# Tempermental Idle



## '90Maxima (Aug 16, 2004)

I have an odd problem with my vg30e, most of the time it idles normaly (1500rpm in P or N and 900-1000rpm in drive) but sometimes it idles very low (like 500rpm in P or N and nearly dies or just plain dies when i put it in Reverse or drive) I need to keep my foot on slightly on the accelerator to stop it from stalling at the lights or just going around the corner (which is a pain when the wheel stiffens up) this will happen at any time hot or cold sometimes last (or stay in one of these two modes) for a couple of days/weeks or hours/minutes it doesn't seem to have any pattern to it!, it will change from normal/lowrevs during driving or after a stop at the shop. Can anyone offer me any info on what might be wrong?, local mechanics dont know unless they see my wallet. ANY help would be great, :cheers:


----------



## JaGz120 (May 5, 2004)

I've had a problem like that, check your spark plugs, and ECCM, make sure their not losing power anywhere.
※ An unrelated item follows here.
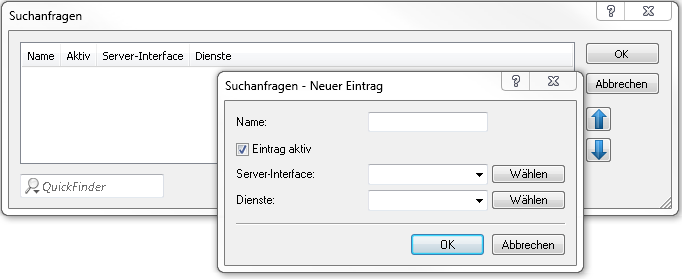 Anmerkung: Sollte diese Einstellung deaktiviert sein, ist es erforderlich, die abzufragenden Dienste manuell in die Tabelle Suchanfragen einzutragen.

Right after my car got out of the shop my mechanic told me that the plugs needed to be replaced and that my car might stall out. Check those out first.


----------



## trong_l (Aug 26, 2004)

*Idle Problems*

I'd had same problem with my 88 300zx, check the electrical connector to Air Pressure Regulator. I don't know for sure if Max got one, but ZX has Cylinder Head Temp. Sensor, that could be the culprit too.


----------